The melodrama of El mago de Viena exists only as one of Pitol’s false memories. On the surface, his description of a book he never read acts as a sign posted for the benefit of all those who believe in the absolute divide between fact and fiction, warning them to read no further. But it is also an affirmation of a dual identity, a declaration to the effect that authors who, like Pitol, were raised in postcolonial worlds have the distinct advantage of having fully assimilated the European tradition (the Austrian Vienna) while also dominating that of their native lands (the street of Vienna in Mexico City): the literary equivalent of having your cake and eating it too.

In keeping with the tempo of a Viennese waltz, El mago de Viena is the third in a series of memoirs published by Pitol. It is the final beat that both echoes and concludes the measure that began with El arte de la fuga (1996) and El viaje(2001).
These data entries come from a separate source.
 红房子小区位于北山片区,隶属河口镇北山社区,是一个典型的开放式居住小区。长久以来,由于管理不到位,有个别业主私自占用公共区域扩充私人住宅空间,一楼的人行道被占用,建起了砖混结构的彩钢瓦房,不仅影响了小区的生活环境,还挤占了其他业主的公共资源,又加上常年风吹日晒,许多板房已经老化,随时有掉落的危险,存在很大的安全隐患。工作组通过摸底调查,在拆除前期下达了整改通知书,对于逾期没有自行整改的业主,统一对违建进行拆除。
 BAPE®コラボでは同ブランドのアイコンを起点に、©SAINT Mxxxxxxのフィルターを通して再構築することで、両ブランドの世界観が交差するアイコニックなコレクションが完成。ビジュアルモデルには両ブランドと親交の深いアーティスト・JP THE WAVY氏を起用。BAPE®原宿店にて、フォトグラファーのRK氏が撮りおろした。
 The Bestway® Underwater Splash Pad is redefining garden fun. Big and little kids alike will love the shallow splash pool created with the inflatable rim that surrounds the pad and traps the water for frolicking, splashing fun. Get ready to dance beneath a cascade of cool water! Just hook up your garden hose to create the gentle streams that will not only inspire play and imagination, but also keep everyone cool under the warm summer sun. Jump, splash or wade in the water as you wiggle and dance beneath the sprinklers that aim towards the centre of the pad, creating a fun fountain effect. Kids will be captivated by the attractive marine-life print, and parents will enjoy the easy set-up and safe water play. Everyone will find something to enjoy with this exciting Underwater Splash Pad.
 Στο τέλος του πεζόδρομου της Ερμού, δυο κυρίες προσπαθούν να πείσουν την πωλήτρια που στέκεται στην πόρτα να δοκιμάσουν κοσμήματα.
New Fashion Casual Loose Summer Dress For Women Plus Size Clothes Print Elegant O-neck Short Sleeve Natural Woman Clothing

In this latest compendium, what Pitol has lived is recounted strictly on a par with what he has read or what he has written. Once again, the term “memoir” is to be understood only in a non-orthodox sense. He includes lengthy quotes from his own books and those written by others, placing writer and reader on equal footing. Fiction invades autobiography and vice versa as one of many tricks the mind can play.

Pitol’s narration in El mago de Viena leaps from one topic to the next indiscriminately, following a pattern of associations similar to those practiced in our own minds as we try to remember. For example, through the years our recollection of a summer vacation may become less vivid than the memory of the book we read during the trip, or the travel diary we consult. In this sense, Pitol’s experience in Venice is no more or less real to him than Thomas Mann’s.

The crux of El arte de la fuga was Pitol’s own past; that is to say, a childhood reminiscent of Greek tragedy in which he lost his mother, father, and sister in quick succession. El viaje was about the difficulty of establishing his identity under these tragic circumstances. In El mago de Viena, Sergio Pitol as author, reader and human being struggles against time to preserve his memory against the onset of a devastating illness. Its final pages reproduce a journal kept in Havana, Cuba, where, like a tropical Hans Castorp, he travels in order to acquiesce to an experimental cure.

All that remains for a quickly growing body of readers is to recognize not the fiction, but the fact that Sergio Pitol has successively won each of these lifelong battles in the pages of his own written works.